- Developer: Furcula
- Publisher: Annapurna Interactive
- Designers: Toby Dixon, Iggy Zuk
- Composer: Sam Webster
- Platforms: Windows; PlayStation 5; Xbox Series X/S; Nintendo Switch;
- Release: November 18, 2025
- Genres: Adventure, Creature collector
- Mode: Single-player ;

= Morsels =

Morsels is a roguelite creature collector developed by Toronto based indie developer Furcula and published by Annapurna Interactive. It released on November 18, 2025 for Windows, Xbox Series X and S, PlayStation 5, and Nintendo Switch.

== Development ==
The game was announced in August 2024. Development is led by Toby Dixon. As of June 2025, a demo was playable on Steam. As of November 2025, it's now available for purchase on Steam, Windows, PlayStation 5, Xbox Series X/S and Nintendo Switch.

== Gameplay ==
Players take on the role of a mouse, exploring the sewers for food and collecting monsters called Morsels. Morsels have unique abilities, encouraging the player to switch between them during combat strategically. Combat features fast-paced shooting mechanics and is played from a top-down perspective. The game is described as having "roguelite action", where each run can be unique. Between levels, the player will encounter characters that offer items, rewards, or minigames. Occasionally, these characters may take something away from the player.

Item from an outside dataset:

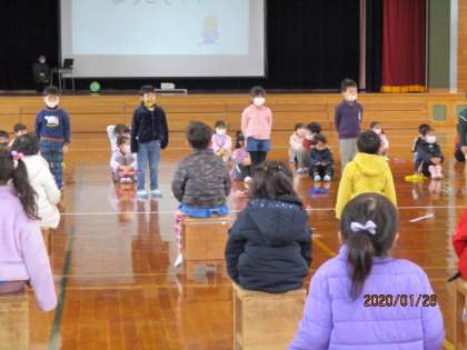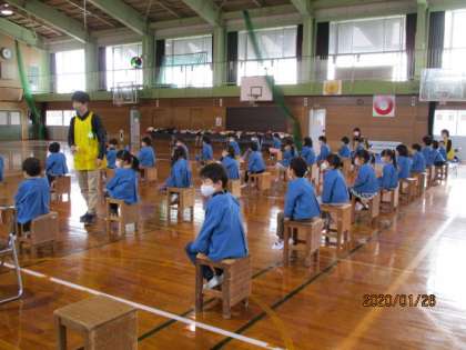 体験授業の後は、体育館に集まってミニ集会を行いました。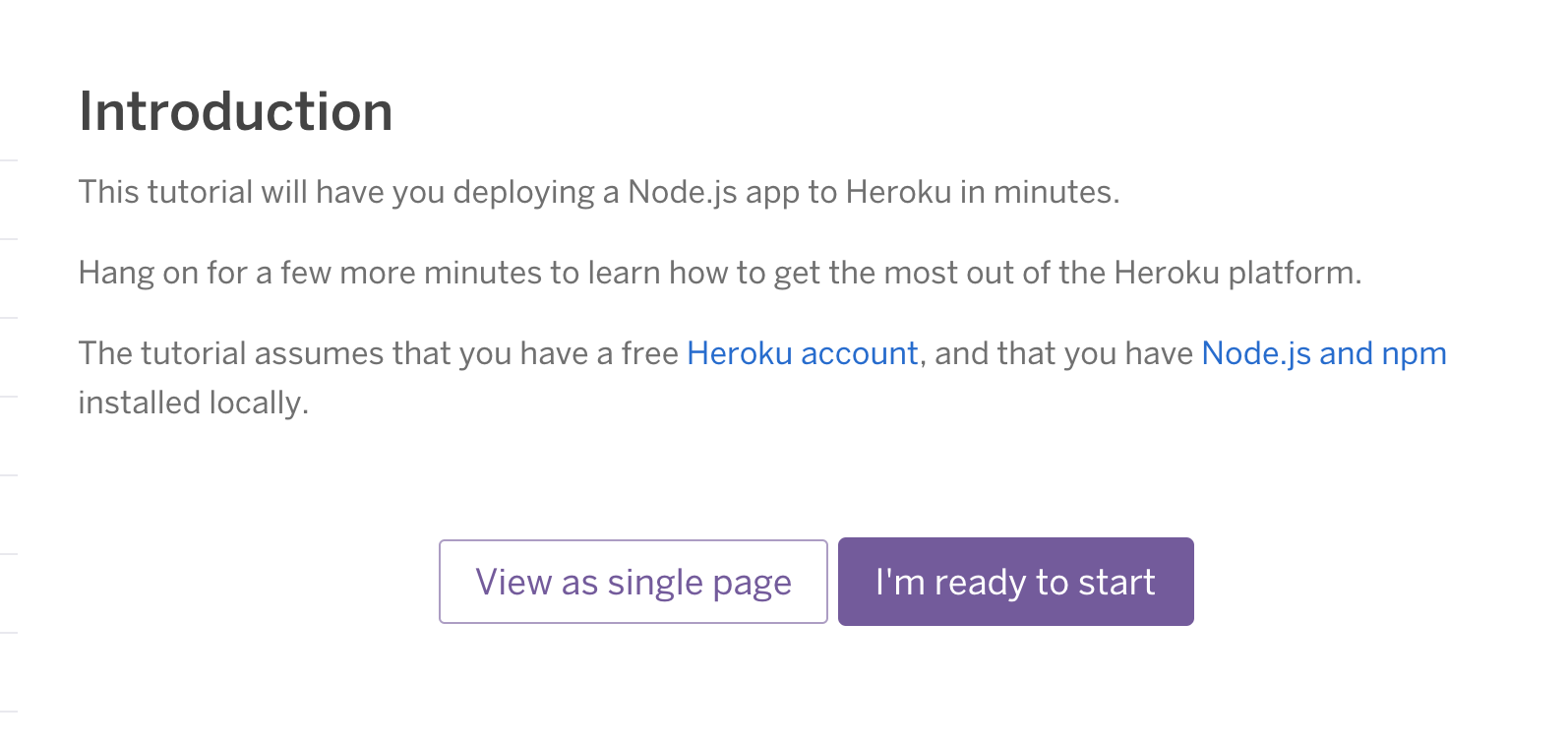 아래 화면처럼 버튼이 있는데 이것을 사용해서 넘어가면서 튜토리얼을 따라가면 nodejs github 하나를 clone해서 heroku에 올리면서 명령어를 익힐 수 있습니다.

The player can wield three Morsel cards at a time. Each Morsel has its own attack, dodge, and special ability.

==Reception==
Morsels received mixed or average reviews upon release, according to Metacritic. GamesRadar+ awarded the game 3.5/5 stars, complimenting the game's art design and visuals while criticizing the upgrades and "death loop". In a more positive review, Gameliner awarded the title a 4/5, praising the rougelite loop, soundtrack, and minigames.